Geoffrey Chaucer in Context
Title | Geoffrey Chaucer in Context PDF eBook |
Author | Ian Johnson |
Publisher | Cambridge University Press |
Pages | 499 |
Release | 2019-07-11 |
Genre | Literary Criticism |
ISBN | 1107035643 |
Provides a rich and varied reference resource, illuminating the different contexts for Chaucer and his work.
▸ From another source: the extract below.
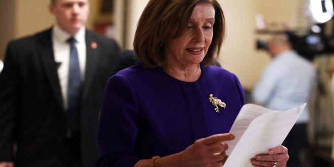 ونقلت وكالة ا ف ب عن بيلوسي قولها في رسالة وجهتها إلى اجتماع لأعضاء الحزب الديمقراطي الأمريكي اليوم “طلبت من رئيس اللجنة القضائية جيري نادلر أن يكون جاهزاً كي يرسل الأسبوع المقبل قراراً يحيل مادتي العزل إلى مجلس الشيوخ” مشيرة إلى أنها ستجري “مشاورات مع النواب الديمقراطيين الثلاثاء المقبل حول سبل المضي قدماً في ذلك”.

Chaucer and the Roman de la Rose
Title | Chaucer and the Roman de la Rose PDF eBook |
Author | Dean Spruill Fansler |
Publisher | |
Pages | 298 |
Release | 1914 |
Genre | English poetry |
ISBN |
Chaucer and the Roman de la Rose
Title | Chaucer and the Roman de la Rose PDF eBook |
Author | Dean Spruill Fansler |
Publisher | |
Pages | 296 |
Release | 1965 |
Genre | English poetry |
ISBN |
Pasolini, Chaucer and Boccaccio
Title | Pasolini, Chaucer and Boccaccio PDF eBook |
Author | Agnès Blandeau |
Publisher | McFarland |
Pages | 219 |
Release | 2006-07-19 |
Genre | Literary Criticism |
ISBN | 0786422475 |
Pier Pasolini's "trilogy of life" is a series of film adaptations of major texts of the past: The Decameron, The Canterbury Tales, and One Thousand and One Nights. The movies demonstrate a film author's acute aesthetic sensibility through a highly original cinematic rendering of the sources. The first two films, closely examined in this book, offer a personal, purposefully stylized vision of the Middle Ages, as though Pasolini were dreaming Boccaccio's and Chaucer's texts through the filter of his "heretic" consciousness. The unusual poetic visualization of the source works, which could be described as irreverent cinematic homage, has the potential to renew the traditional reading of such literature. This book shows how cinema becomes an alternative form of storytelling. It first studies the two films in detail, putting them in perspective within the trilogy. Next it interprets them, recounting misinterpretations and expounding upon Pasolini's ideological perception, and defends the oft-criticized adaptations. Finally, it discusses how the films represent innovation over strict adaptation. Appendices offer charts with information on the narrative structures of the films and the correspondences between them.